I’m so pleased that British illustrator Mini Grey has stopped by for breakfast this morning here at 7-Imp. If you were to ask me who I thought some of the most inventive, imaginative illustrators working today were, why, Mini’s name would most assuredly come up. She’s a favorite of mine, delivering mixed-media visual treats at each turn, whether it’s the detailed world of the unstoppable Traction Man, what Publishers Weekly called the swashbucklin’ nursery-rhyme romance of The Adventures of the Dish and the Spoon, or the cookie carnage of Ginger Bear. Best of all, there is a slightly twisted humor to her work, which I love, a twinkle in the eye, a little bit of mischief, a refusal to talk down to children. She always intriques, and she always keeps you on your toes.

Spread from Ginger Bear (or Biscuit Bear, if you are in the UK),
Alfred A. Knopf (first American edition), 2007

And, if you’re a fan of the aforementioned Traction Man, you’re in luck, since Traction Man Meets Turbo Dog—the sequel to 2005’s Traction Man is Here! (Knopf Books for Young Readers), winner of the 2005 Boston Globe-Horn Book Award in the category of Picture Books—has just been released.
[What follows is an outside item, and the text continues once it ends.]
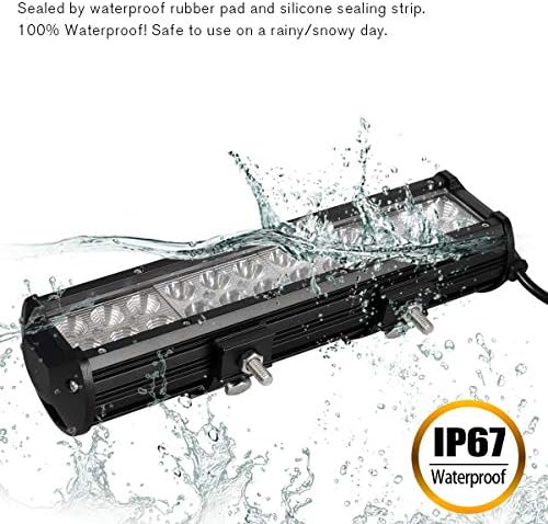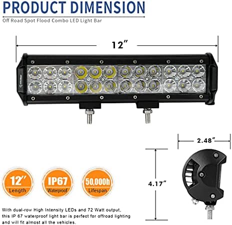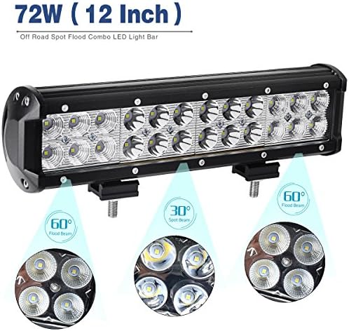 【Super Bright】: 12inch Led Light bar with 24pcsx3w High intensity led, total of 72W at 6,000K color temperature. It can light up the entire forward viewing area, that will give you comfortable and safe driving.
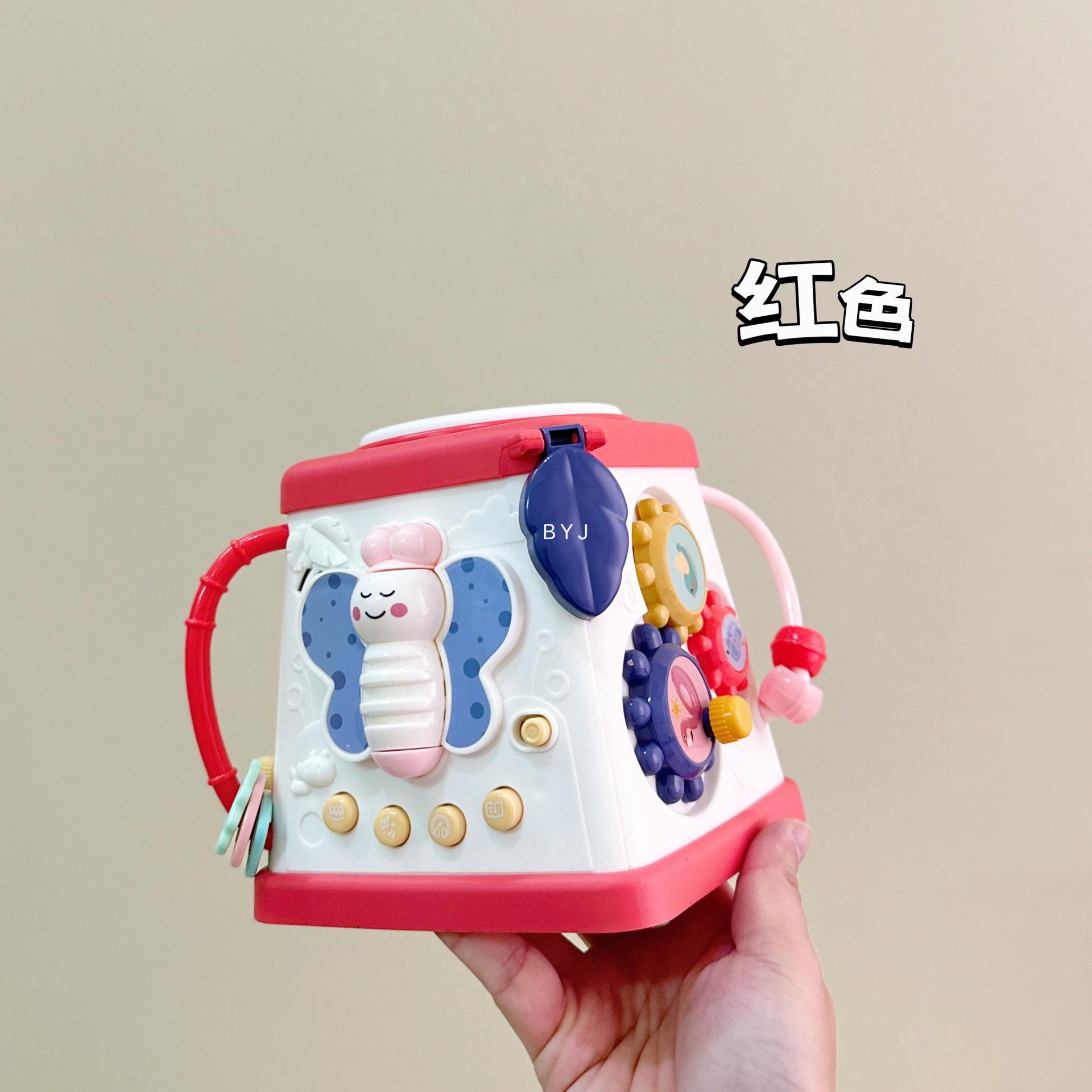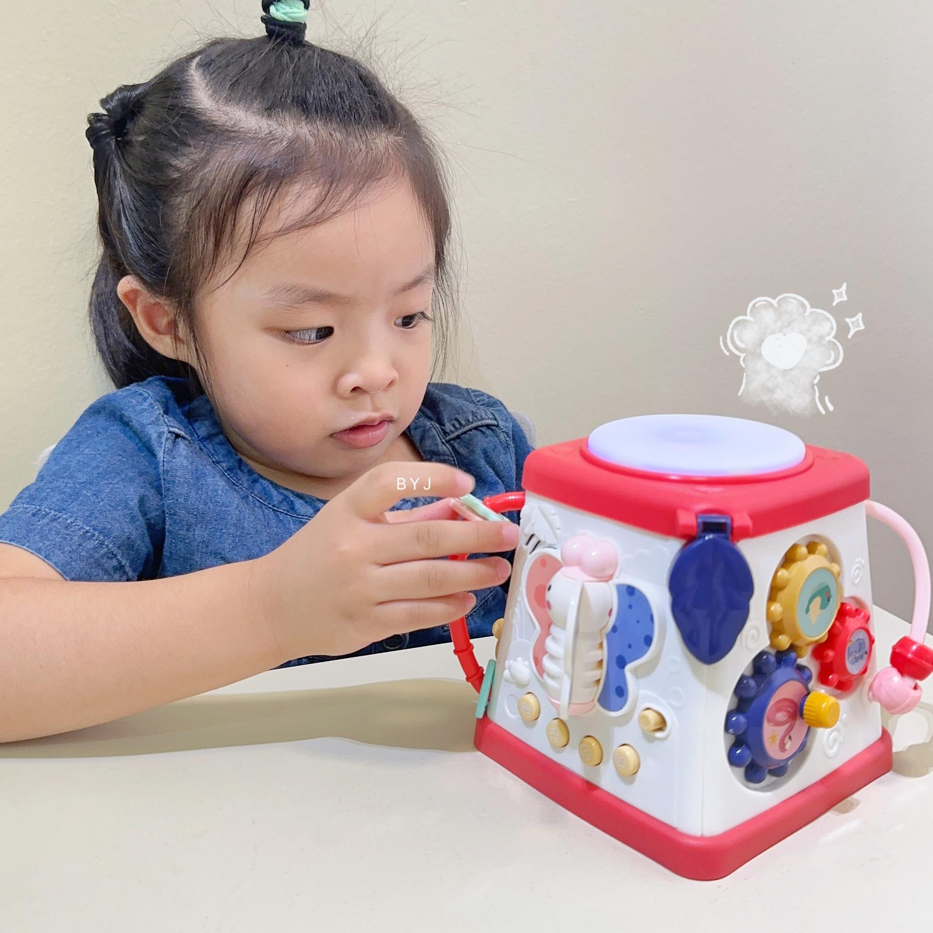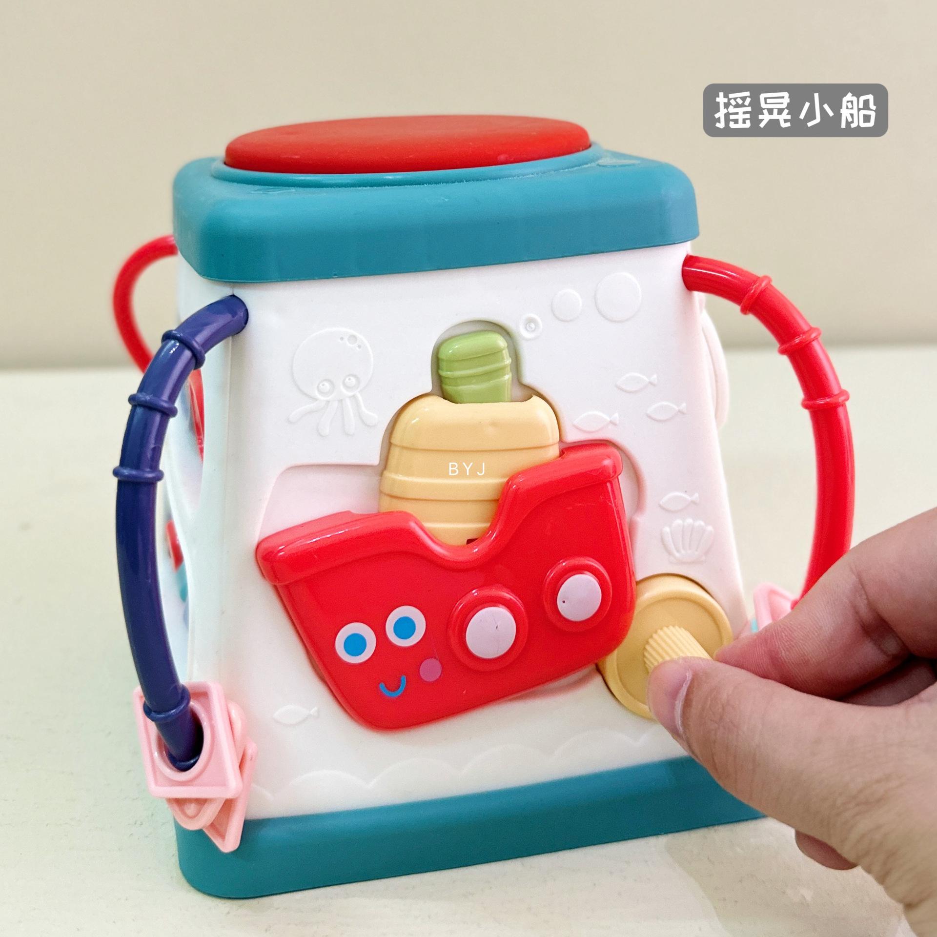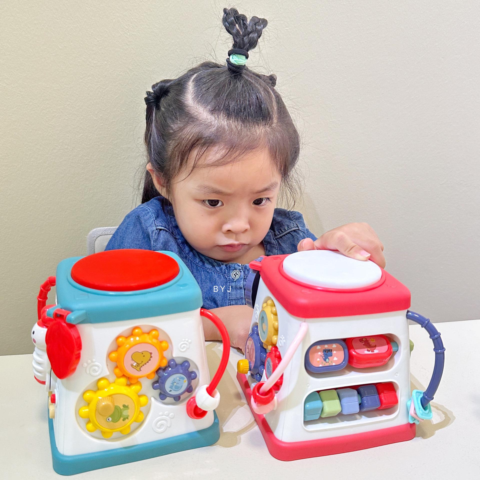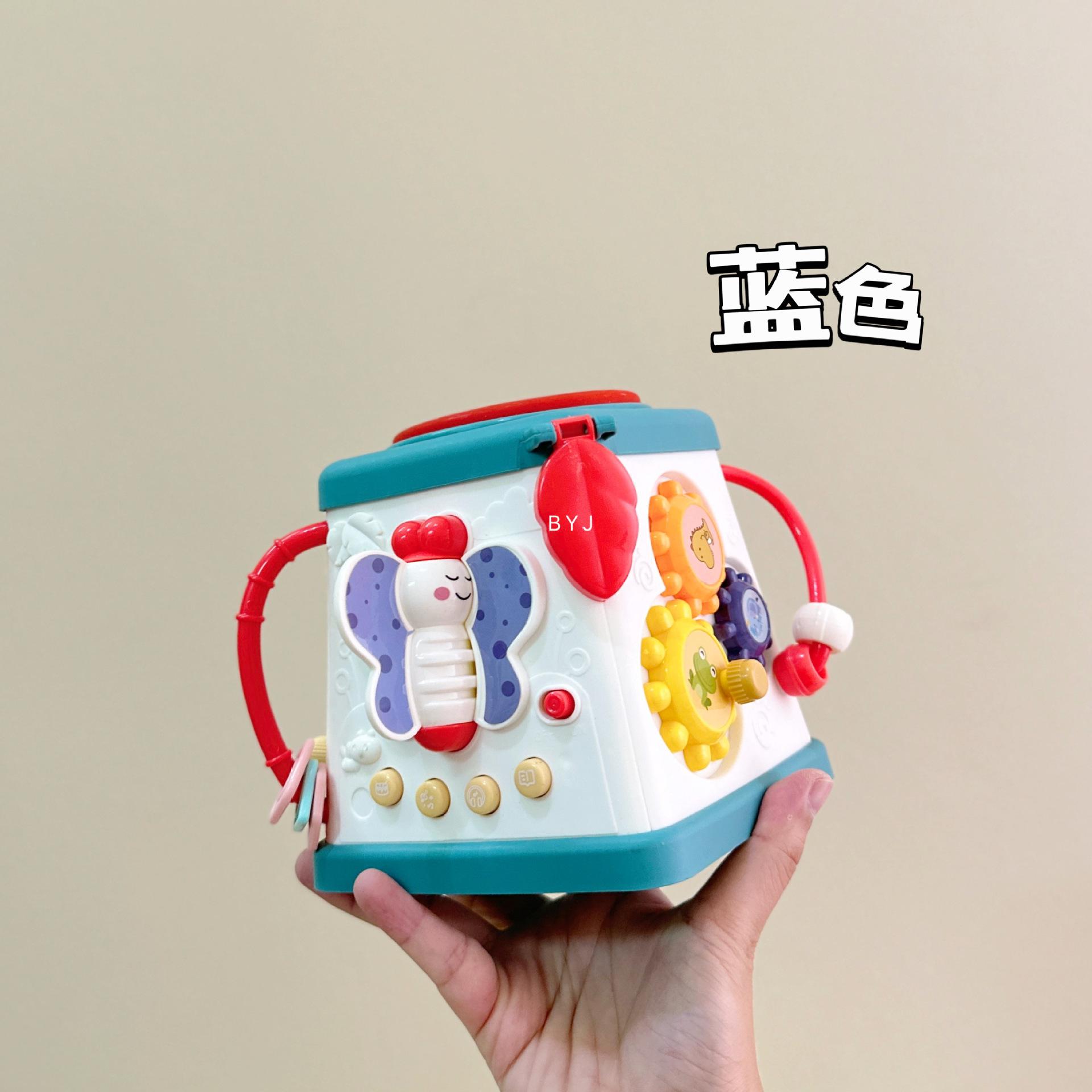 Caixa de tesouro fofa, tambores de 5 lados, mãos pequenas exploram poliedros, conteúdo divertido diferente a cada ano, borboletas giratórias, conteúdo educacional infantil, veleiros divertidos, engrenagens giratórias, bolas giratórias, tambores musicais, várias maneiras de brincar esperando os bebês desbloquearem

Yes, Traction Man and his faithful pet Scrubbing Brush are back for more heroic rescues — this time Traction Man must rescue Scrubbing Brush, since the family chucked him after a trip to the northwest slope of Mt. Compost Heap (“it’s just so unhygienic, it must be FULL of germs…”), though it takes Traction Man a while to figure this out while he’s off having adventures with the battery-operated Turbodog. In Grey’s further tributes to the imaginative play of children—not to mention the very real bonds wee ones have with their toys—Traction Man meets up with Handbag Dwellers, the Lone Sock, the Grand Sofa Canyon, the Dark and Terrible Underworld of the Bin and its Evil Creatures and Bin-Things, and much more. I’ll invoke the words of Publishers Weekly again, since they nail Grey’s particular charm: “{H}er real gift is in transforming an ordinary household into both thrilling stage and supporting cast (who knew an old mascara wand could be so emotive?). To create a fantasy world is one thing, but to trigger a gestalt shift in the way kids look at their own environments is quite another.”

So, Mini’s going to sit down with me for breakfast—“a big cup of strong coffee with milk; toast with butter, marmite and banana on top; lots of very cold cranberry juice (low sugar!)”—to chat about her work as an illustrator, and I thank her immensely for stopping by. Let’s get the basics while we set the table here . . .

* * * * * * *

7-Imp: Are you an illustrator or author/illustrator?

Mini: I am an author-illustrator. Well, I make picture books.

7-Imp: Can you list your books-to-date?

Mini: My books to date: Egg Drop; The Very Smart Pea and the Princess-To-Be; Ginger Bear (AKA Biscuit Bear in the UK); Traction Man is Here!; The Adventures of the Dish and The Spoon; Traction Man Meets Turbodog.

{Ed. Note: Here is my short history of Mini-Grey reviews here at 7-Imp: Ginger Bear in June ’07 and Traction Man Meets Turbodog last month. But let’s not forget her cover and interior illustrations for Lyn Gardner’s Into the Woods, reviewed here in July ’07.}

7-Imp: What is your usual medium, or -– if you use a variety -– your preferred one?

Mini: I usually use watercolour, ink, pencils and collage bits and bobs on heavy watercolour paper. I am keen on Quink ink and bleach. I love splattering. And I use a computer quite a lot.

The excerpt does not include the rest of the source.